# Thread: How to solve this problem algebraically?

1. ## How to solve this problem algebraically?

Qs: One number is 6 more than another. Their product is 520. Find the numbers.

-- Let the numbers be: x, x+6
So, x(x+6) = 520
or, x^2+6x=520
then what..?

The numbers are 20 & 26.
And if I put them in the above formula, it works..
20(20+6) = 520
or, 20x26=520

2. ## Re: How to solve this problem algebraically?

$x^2+6x-520=0$

Are you aware of any of the methods available for solving a quadratic equation?

3. ## Re: How to solve this problem algebraically?

One number is 6 more than another. Their product is 520. Find the numbers.

Let any letter of choice be the number we are searching for. I will use n for number but you can use x, y, z, or whatever letter you like.

Let n = one of the numbers

Let n + 6 = the other number

The words "Their product" should tell you right away that multiplication is what the question is leading to.

n times (n + 6) = 250

n(n + 6) = 250

n^2 + 6n -250 = 0

In the quadratic formula, let a = 1, b = 6 and c = -250.

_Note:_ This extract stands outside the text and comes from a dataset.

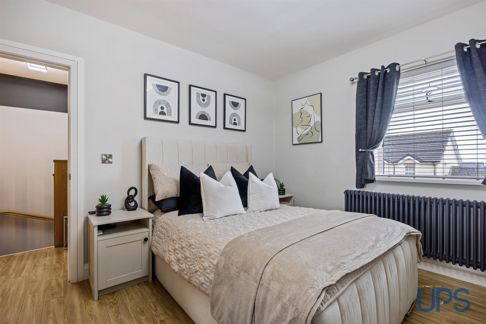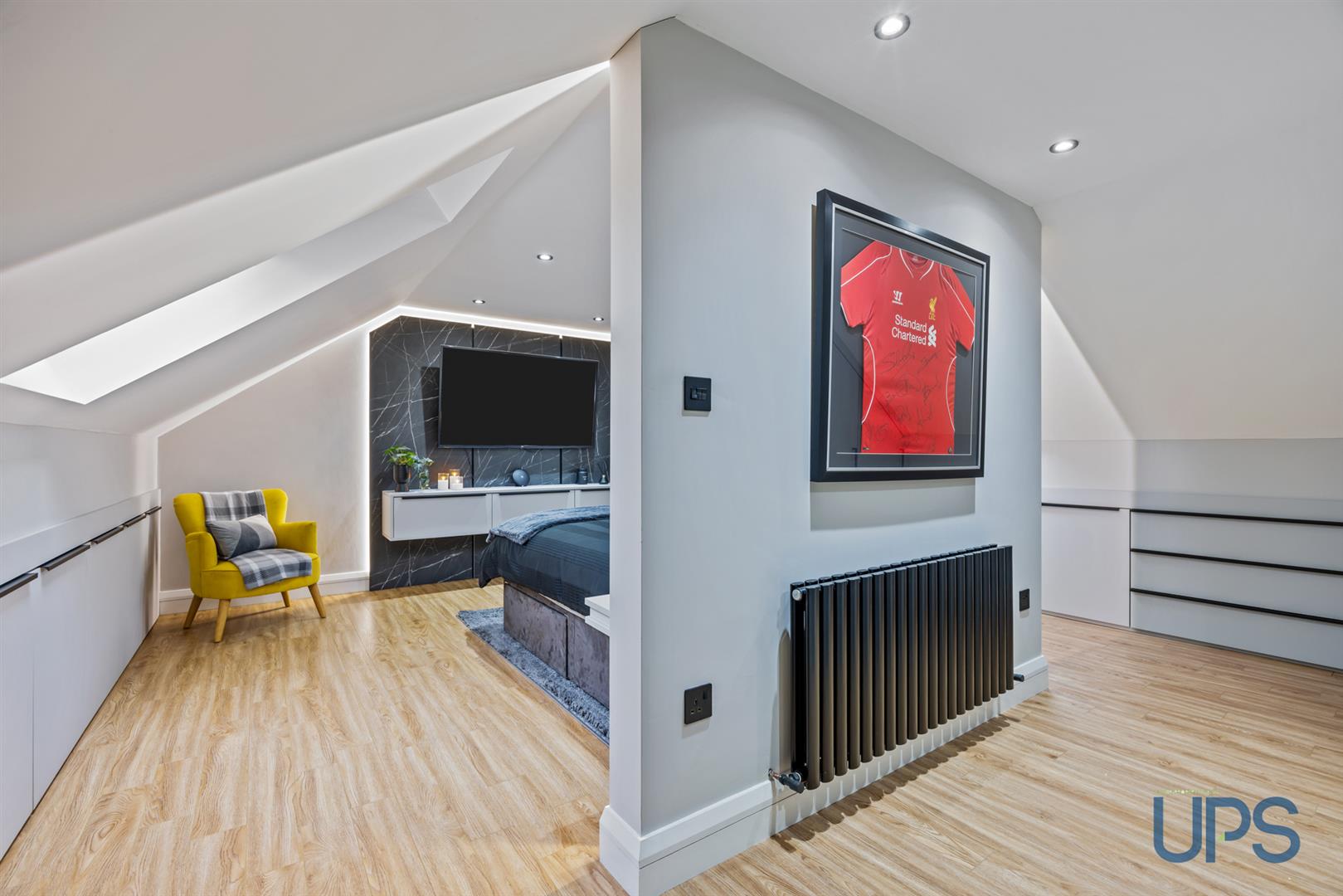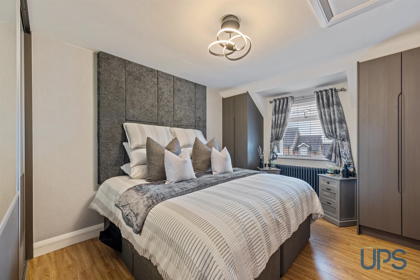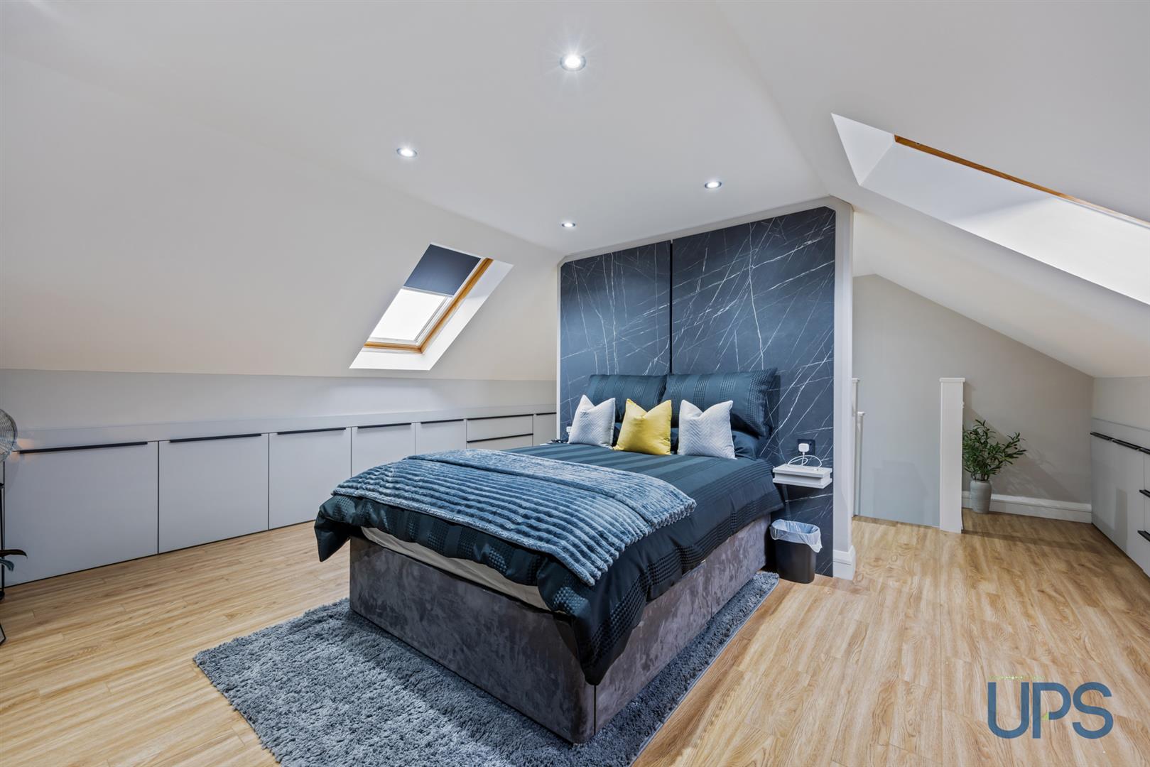 Fantastic large room with wooden-effect stripped floor, beautiful views, recessed spotlights, and built-in storage into the eaves. Keylite windows enhance the natural light and overall sense of space.

If after visiting the site you have no clue what's going on, write back. I think it is important for you to try this one on your own. Keep in mind that x is typically used in the formula. Just replace my letter n with the typical variable x and follow the steps given in the link above.

4. ## Re: How to solve this problem algebraically?

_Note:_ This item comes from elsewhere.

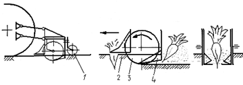 засоби, що рухаються поруч з агрегатом. Такі валки коренеплодів утворюються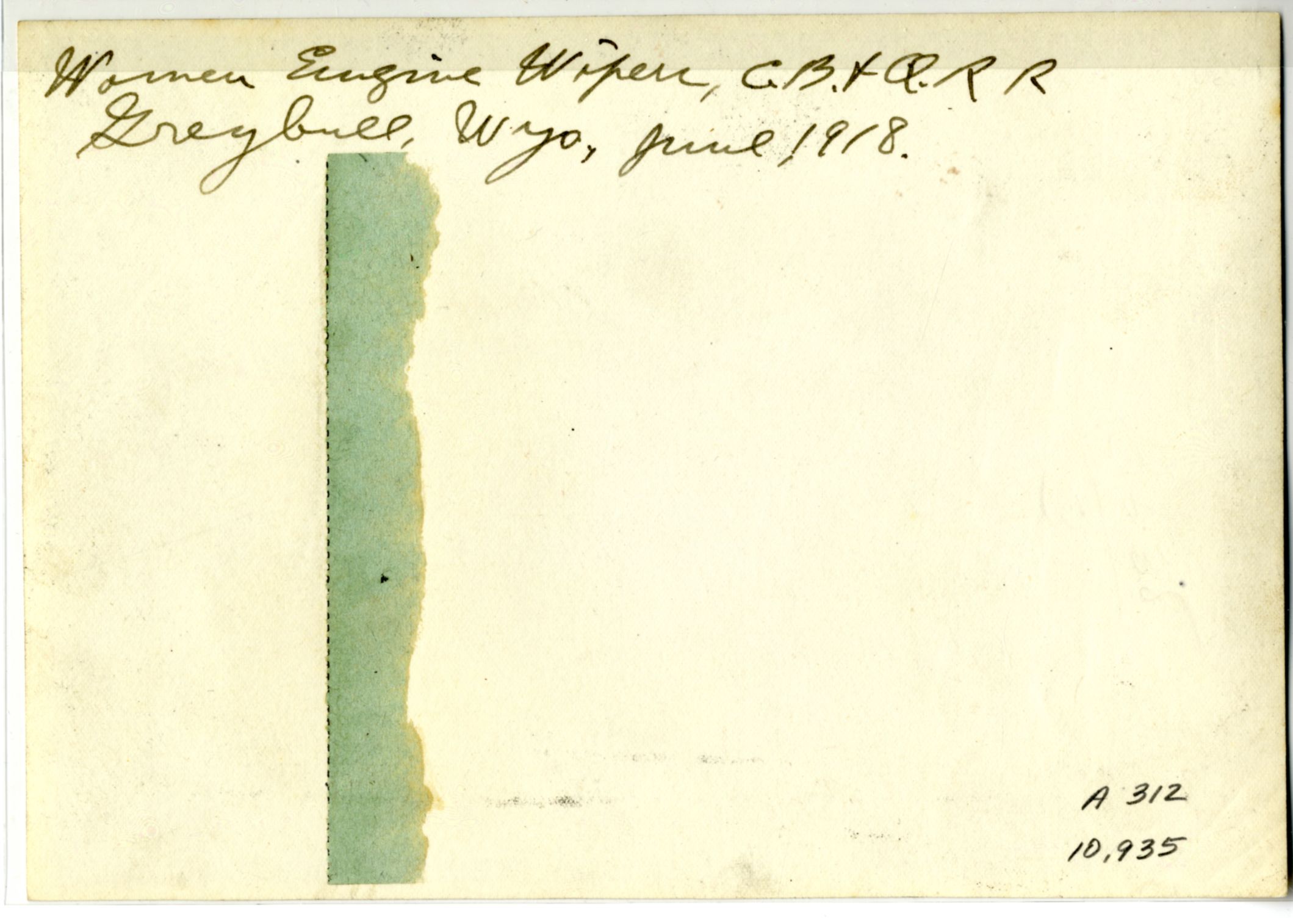 LIBI_00312_10935; Photograph in full length view, informal pose. The image depicts two women in cover-alls/jumpsuits and caps. They stand in the open doorway of a large wooden structure. Railroad car 3120 is visible in the background. The women work as engine wipers for the GB & QRR [Greater Burlington and Quincy Railroad?] in Greybull, Wyoming. Handwritten notation by Camp on the verso reads: “Women Engin Wipers, GB.+Q.R.R. Greybull, Wyo. June 1918. The image was taken by an unknown photographer on an unknown date. This may be the original image. ; photograph;Courtesy of the National Park Service, Little Bighorn Battlefield National Monument, LIBI_00312_10935, Unknown Photographer, "Women Engine Wipers in Greybull, Wyoming," June 1918.

Thanks for Both of the above posts. I've solved it using the factoring method e.g.
factors of 520 that will match to x, x+6 are 20 & 26
Since, x^2 + 6x -520 = 0
(-20)(26) = -520
(-20)+(26)= 6
So, (x-20)(x+26)=0
x-20 = 0, or x=20
x+26 = 0, or x=-26
x=20 ... this matches the equation, so the #s are 20 & 26.
Will try the formula way also. Thanks again...